* _Work item_
Reproduce only this stretch of the listing below: from the line with "7月4日,郑州航空港区第一届" through the line with "Un hôtelier en", exactly as written, with pictures excluded.

* _Data section_
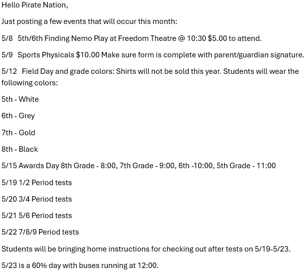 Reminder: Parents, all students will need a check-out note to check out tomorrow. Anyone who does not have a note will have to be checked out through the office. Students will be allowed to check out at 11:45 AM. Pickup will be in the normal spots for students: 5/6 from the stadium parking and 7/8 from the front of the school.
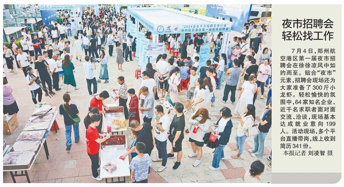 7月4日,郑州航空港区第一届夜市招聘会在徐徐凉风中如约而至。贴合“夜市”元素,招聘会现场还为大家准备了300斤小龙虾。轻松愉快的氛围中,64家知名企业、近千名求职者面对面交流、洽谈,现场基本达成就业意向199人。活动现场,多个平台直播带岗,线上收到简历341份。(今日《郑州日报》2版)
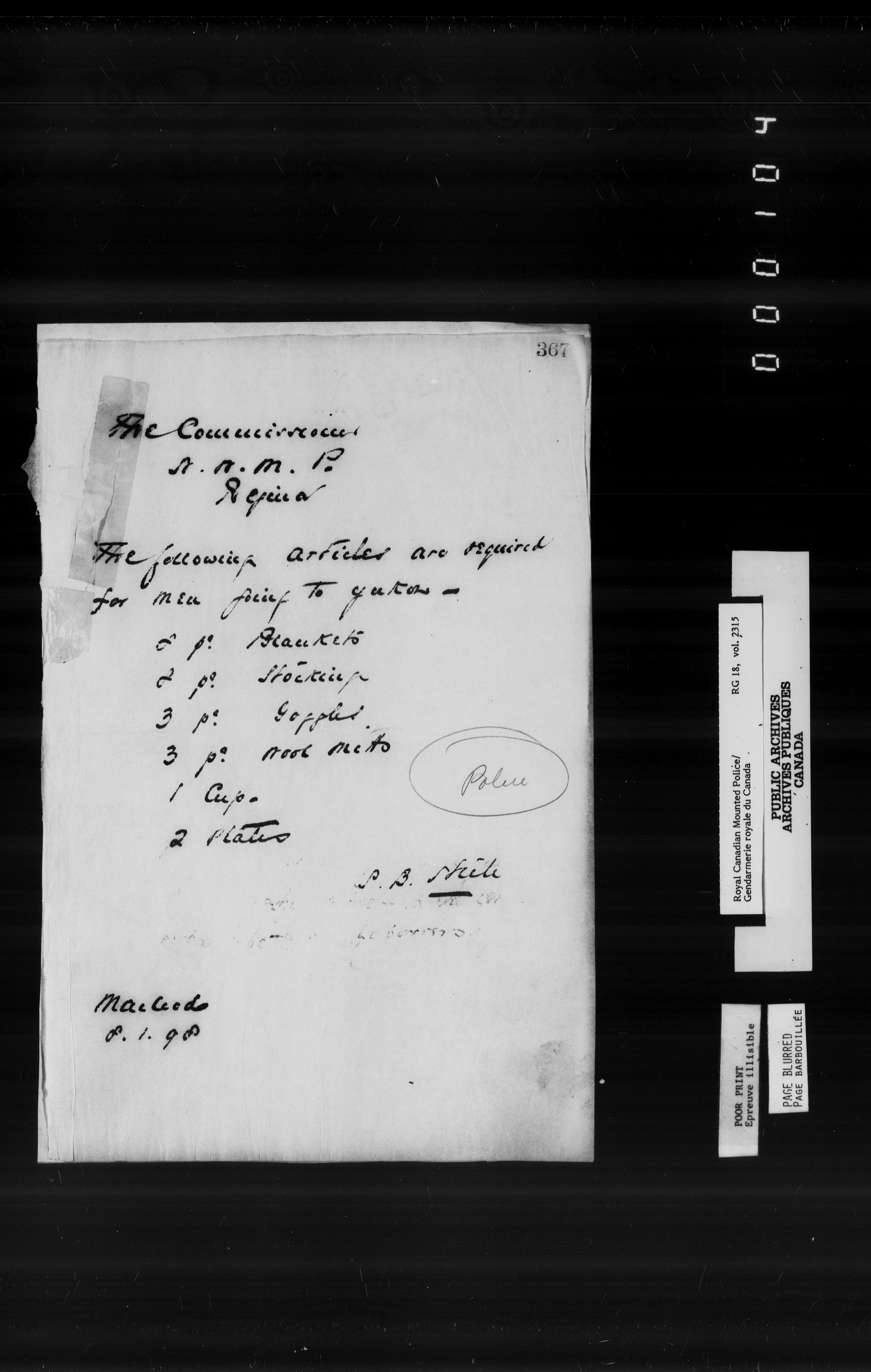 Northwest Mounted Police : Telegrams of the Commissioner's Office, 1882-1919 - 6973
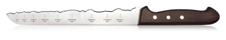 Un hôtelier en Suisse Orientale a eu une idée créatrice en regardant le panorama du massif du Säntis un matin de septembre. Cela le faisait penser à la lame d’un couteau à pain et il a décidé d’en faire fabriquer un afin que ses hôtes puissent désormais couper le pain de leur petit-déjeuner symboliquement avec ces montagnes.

--

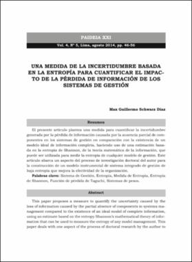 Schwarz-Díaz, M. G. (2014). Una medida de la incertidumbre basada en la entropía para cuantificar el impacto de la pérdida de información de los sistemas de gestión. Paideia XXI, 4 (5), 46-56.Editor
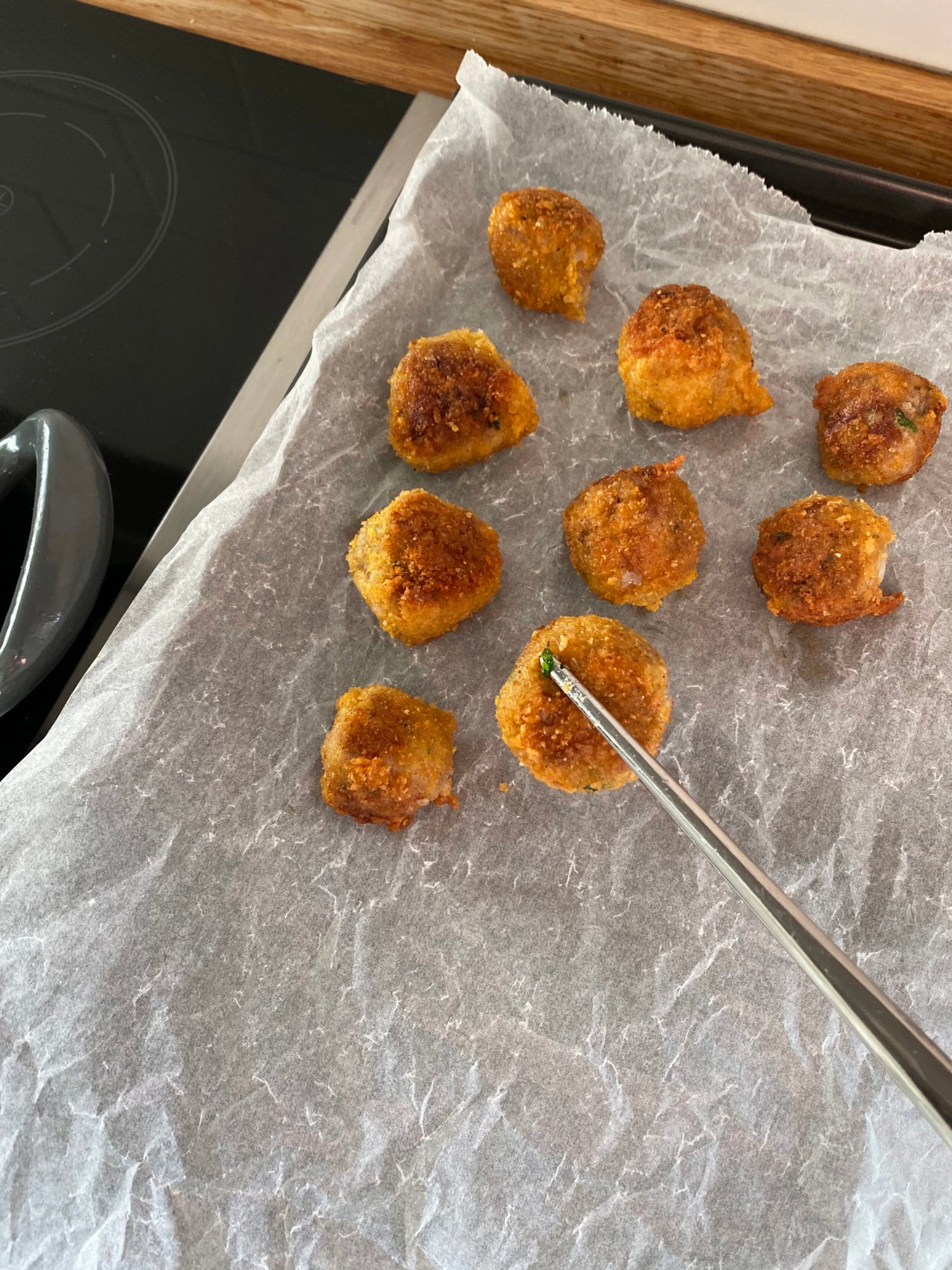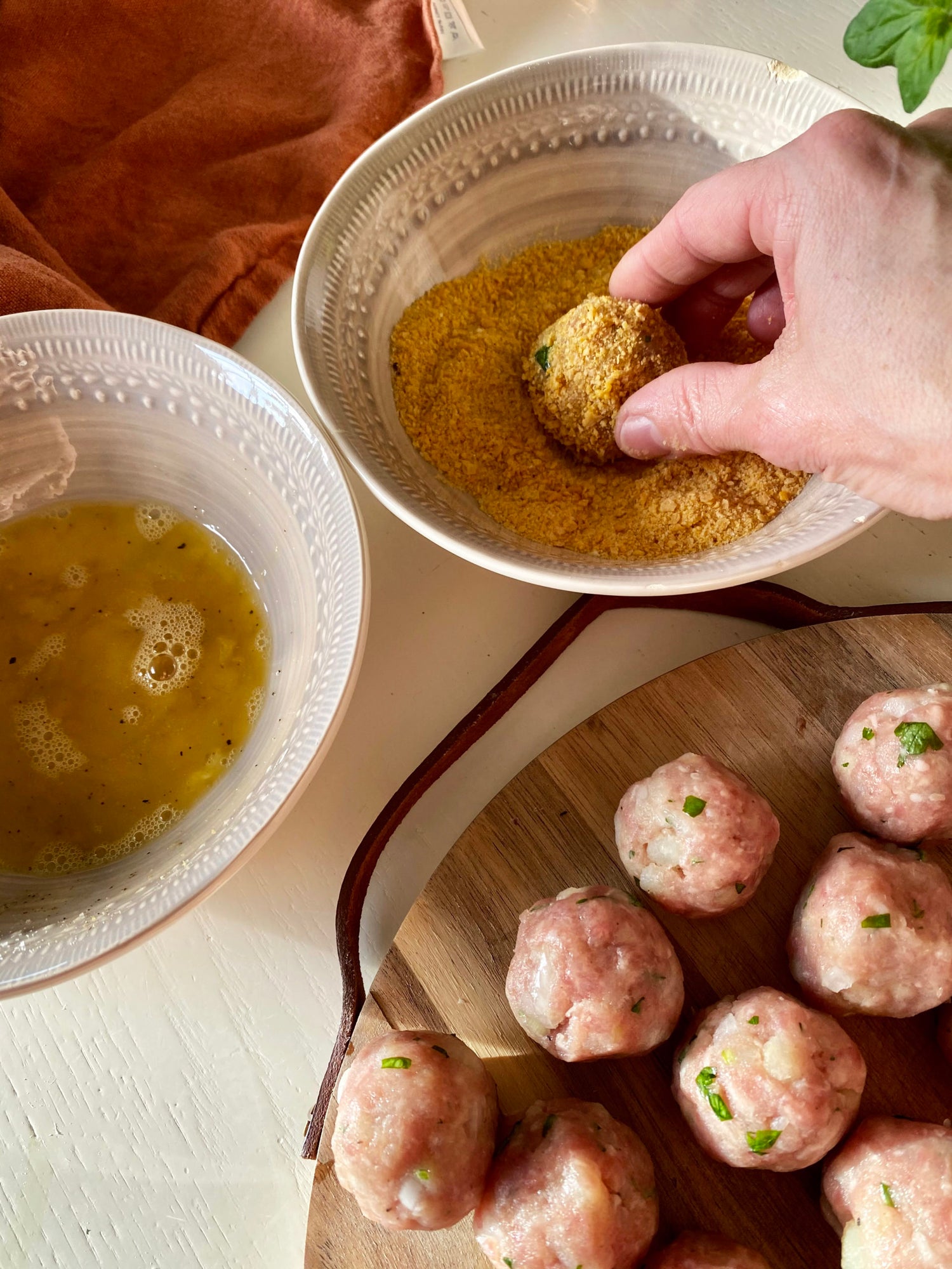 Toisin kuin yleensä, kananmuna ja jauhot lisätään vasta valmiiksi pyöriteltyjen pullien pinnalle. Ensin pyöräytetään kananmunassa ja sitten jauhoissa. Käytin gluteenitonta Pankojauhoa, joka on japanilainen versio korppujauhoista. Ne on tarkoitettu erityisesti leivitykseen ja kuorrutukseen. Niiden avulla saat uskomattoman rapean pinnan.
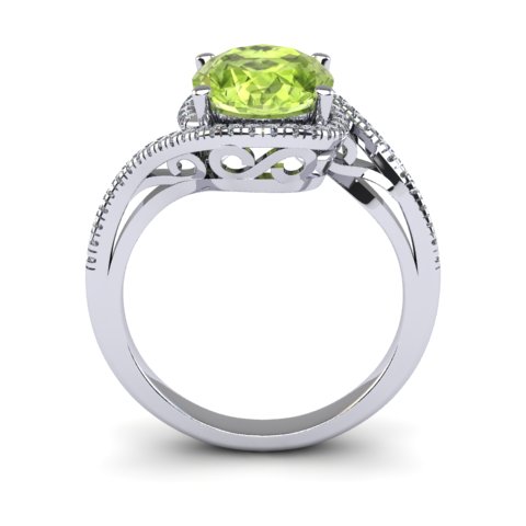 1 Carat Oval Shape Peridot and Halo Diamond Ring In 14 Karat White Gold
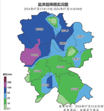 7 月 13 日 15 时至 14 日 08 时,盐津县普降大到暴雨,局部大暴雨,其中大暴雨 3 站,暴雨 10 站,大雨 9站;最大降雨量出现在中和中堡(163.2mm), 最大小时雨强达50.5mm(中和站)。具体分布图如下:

* _Exercise answer_
 7月4日,郑州航空港区第一届夜市招聘会在徐徐凉风中如约而至。贴合“夜市”元素,招聘会现场还为大家准备了300斤小龙虾。轻松愉快的氛围中,64家知名企业、近千名求职者面对面交流、洽谈,现场基本达成就业意向199人。活动现场,多个平台直播带岗,线上收到简历341份。(今日《郑州日报》2版)
 Northwest Mounted Police : Telegrams of the Commissioner's Office, 1882-1919 - 6973
 Un hôtelier en Suisse Orientale a eu une idée créatrice en regardant le panorama du massif du Säntis un matin de septembre. Cela le faisait penser à la lame d’un couteau à pain et il a décidé d’en faire fabriquer un afin que ses hôtes puissent désormais couper le pain de leur petit-déjeuner symboliquement avec ces montagnes.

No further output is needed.